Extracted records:

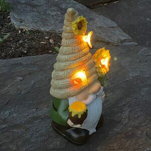 This gnome will make a lovely addition to any location in the garden, on the patio or porch, under tree, along a walkway, or anywhere for a touch of whimsy. It is holding a jar of honey and a sunflower and is adorned with honey bees that illuminate in the dark. The solar function can be turned on or off from a switch at the solar panel on the gnome's back. The solar panel will charge within 5-8 hours during the day and light up automatically at night for 5-8 hours (unless turned off). According to the product description, it is crafted with a polyresin that can withstand all types of weather conditions and will not fade in the sun or rain.
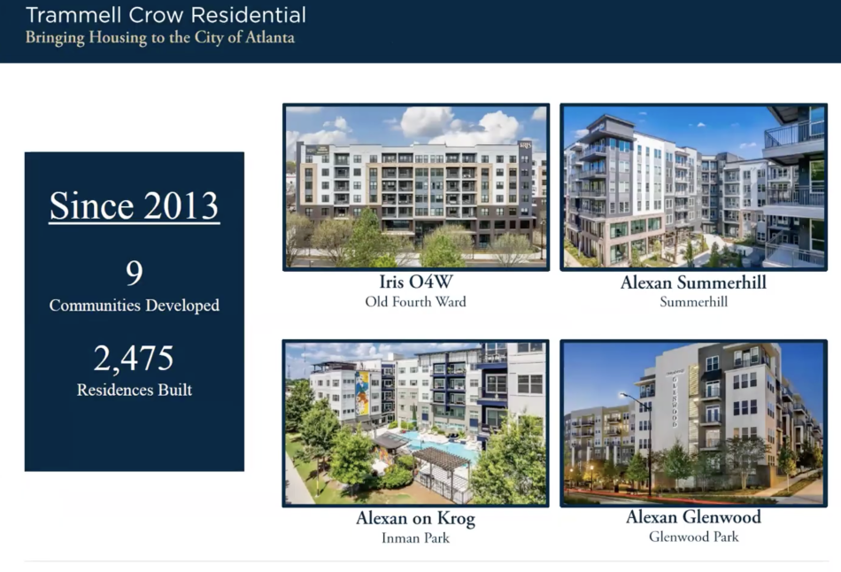 Examples of TCR's recent intown work, as shown during a January GPNA presentation. Trammell Crow Residential; courtesy of GPNA
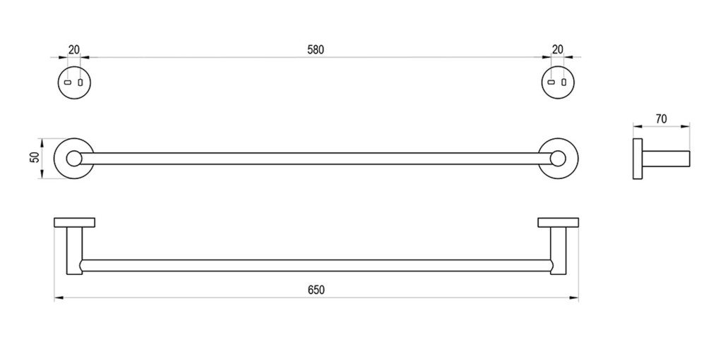 - rozmery 650 x 70 x 50 mm
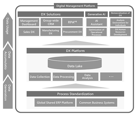 Furthermore, by accumulating the aggregated data in the DX platform and utilizing DX solutions, we will improve not only management decision-making but also the quality and speed of operations such as sales, manufacturing, and procurement.
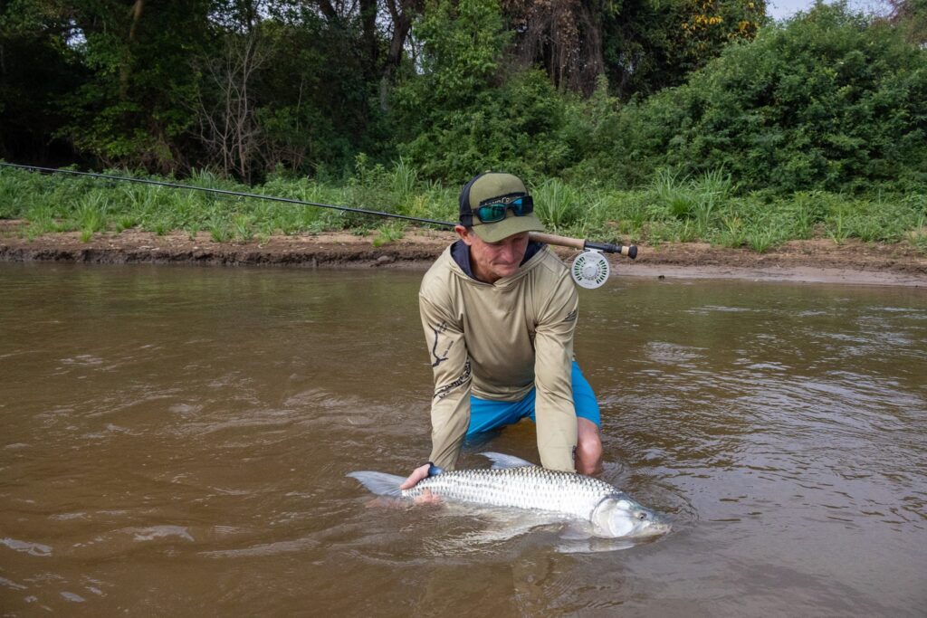 The next eat was unmistakable. The fish moved hard across the pool, jumped several times, and pushed both angler and guide into full concentration mode. After a steady fight, the net went under a broad-shouldered tiger weighing 23 pounds. A memorable fish and a fitting way to close the week.
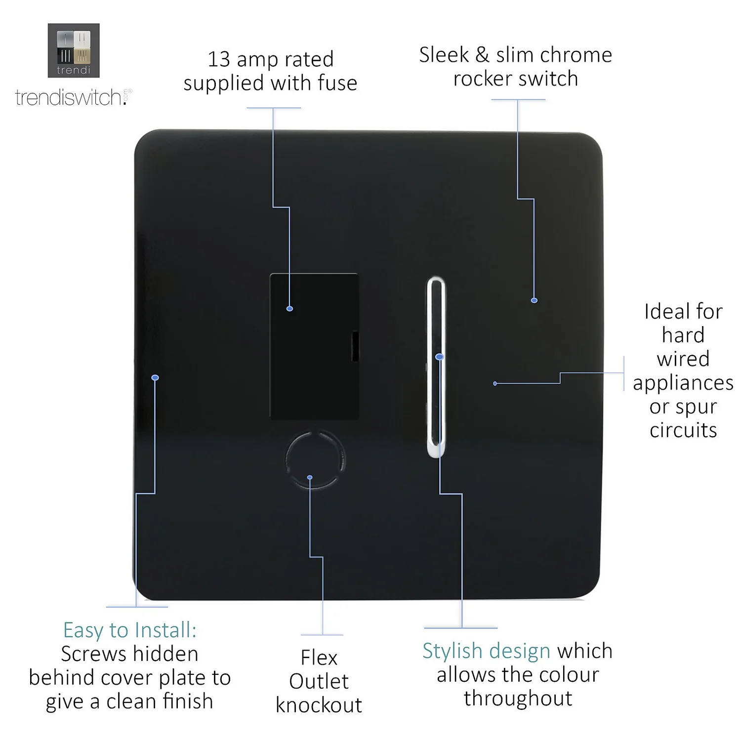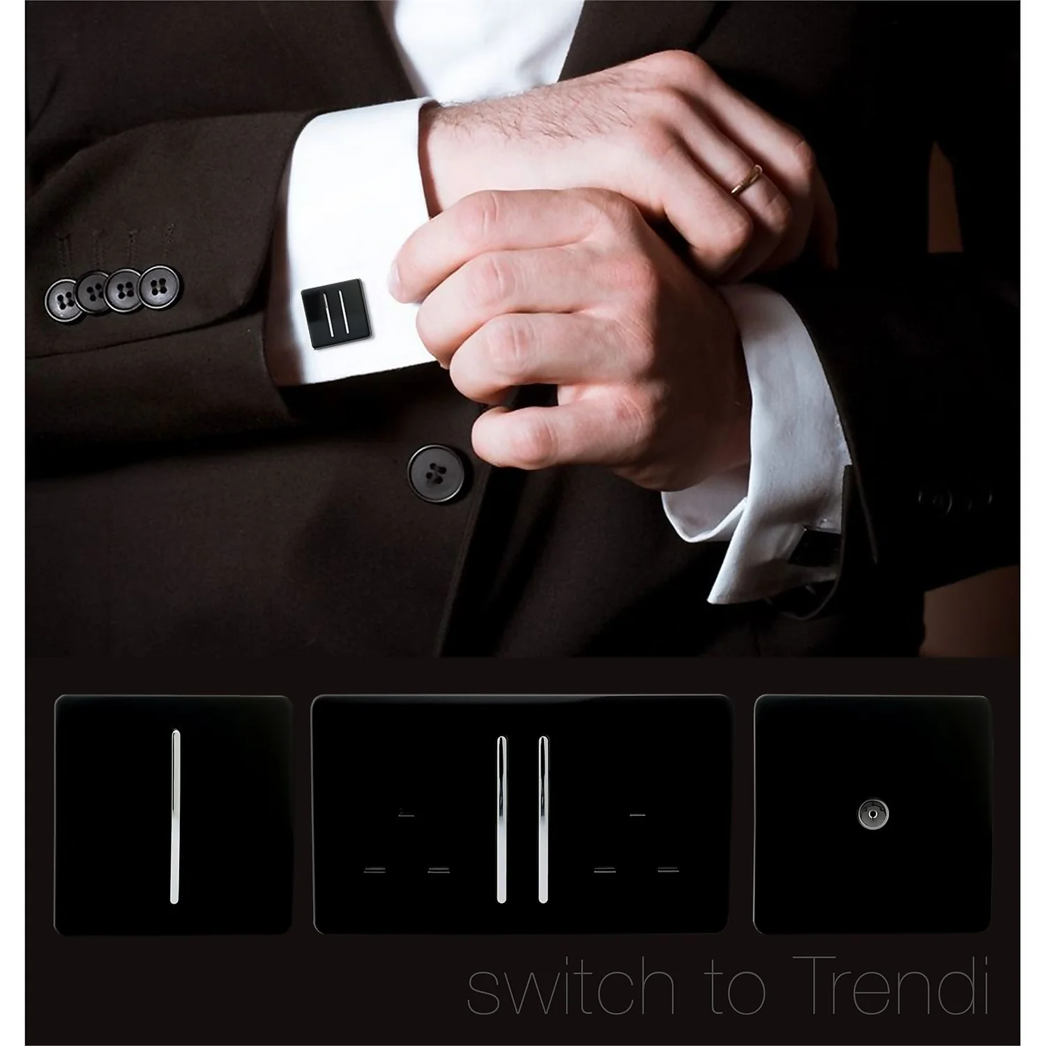 This model features a Gloss Black Finish and is part of the full Trendi Switch range. Operated by a long designer chrome vertical Rocker Light Switch, it not only looks good, but is nice and easy to locate and flick on and off.
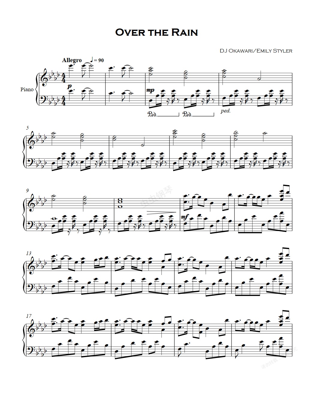 钢琴谱:【DJ OKAWARI】Over the Rain
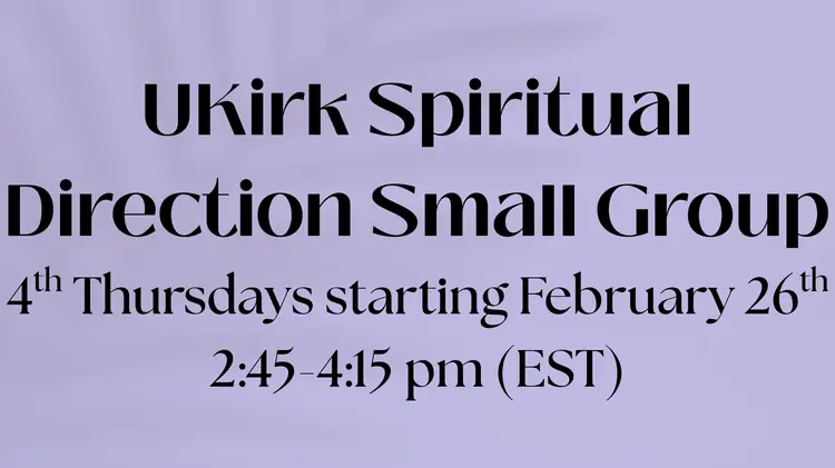 We are excited to offer another opportunity for 4-5 UKirk Network ministers to join together for a monthly virtual spiritual direction small group experience on the 4th Thursdays of the month from 2:45-4:15 Eastern Time. This group will meet on February 26th, March 26th, April 23rd, and May 28th. If
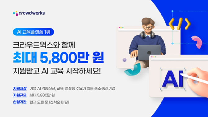 크라우드웍스 관계자는 "기존에도 플랫폼 종사자 특화교육과 연계해 데이터 전문가 양성과정을 실습 중심으로 운영해 큰 인기를 끌었다"며 "최근 기업들의 AI 활용 교육 수요가 빠르게 늘고 있어 올해 교육 관련 매출 목표를 50억원으로 설정했다"고 설명했다.
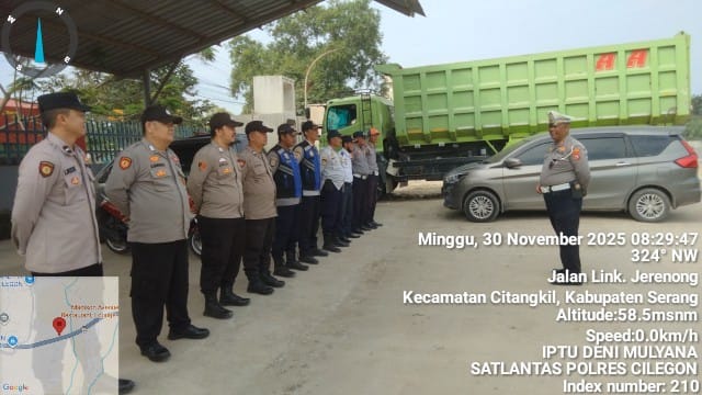 Cilegon - Panit Lantas Polsek Ciwandan IPTU Deni Mulyana Bersama Personil Gabungan Polres Cilegon Polda Banten melaksanakan Kegiatan KRYD Dan Himbauan SK Gubernur Dan monitoring stokfile pasir Didaerah hukum Polsek Ciwandan, Minggu (30/11/2025).
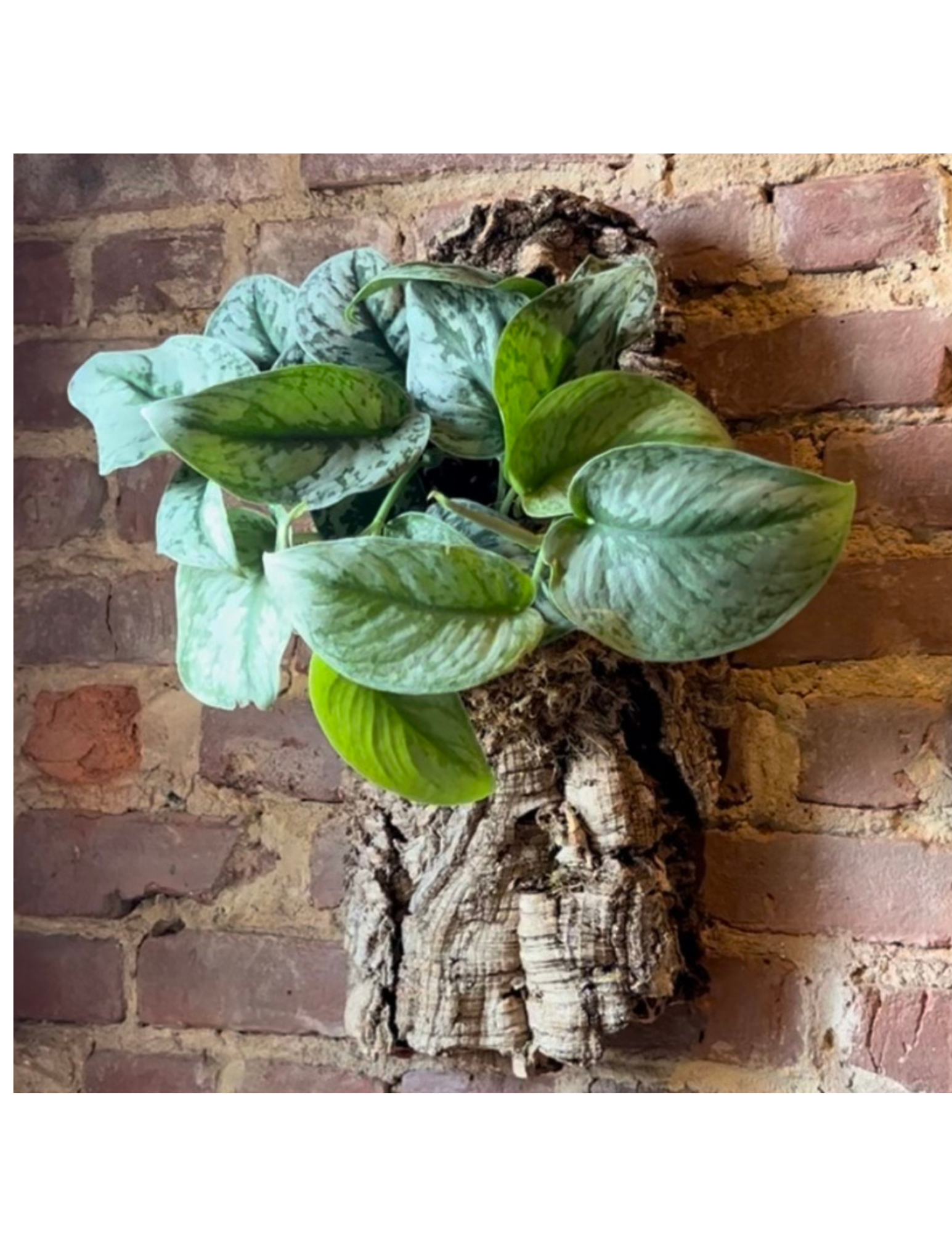 Assorted vining and epiphytic tropicals mounted on cork boards. A very light-weight and natural-looking option. Has hanging wire attached to the back and can hang easily on any nail or screw in the wall.

Task item: The lines to copy exactly start with the line above that has "Examples of TCR's" and go on through the line that has "- rozmery 650 x 70 x 50 mm"; please include both, add nothing else, and omit the pictures.

Exercise solution:
 Examples of TCR's recent intown work, as shown during a January GPNA presentation. Trammell Crow Residential; courtesy of GPNA
 - rozmery 650 x 70 x 50 mm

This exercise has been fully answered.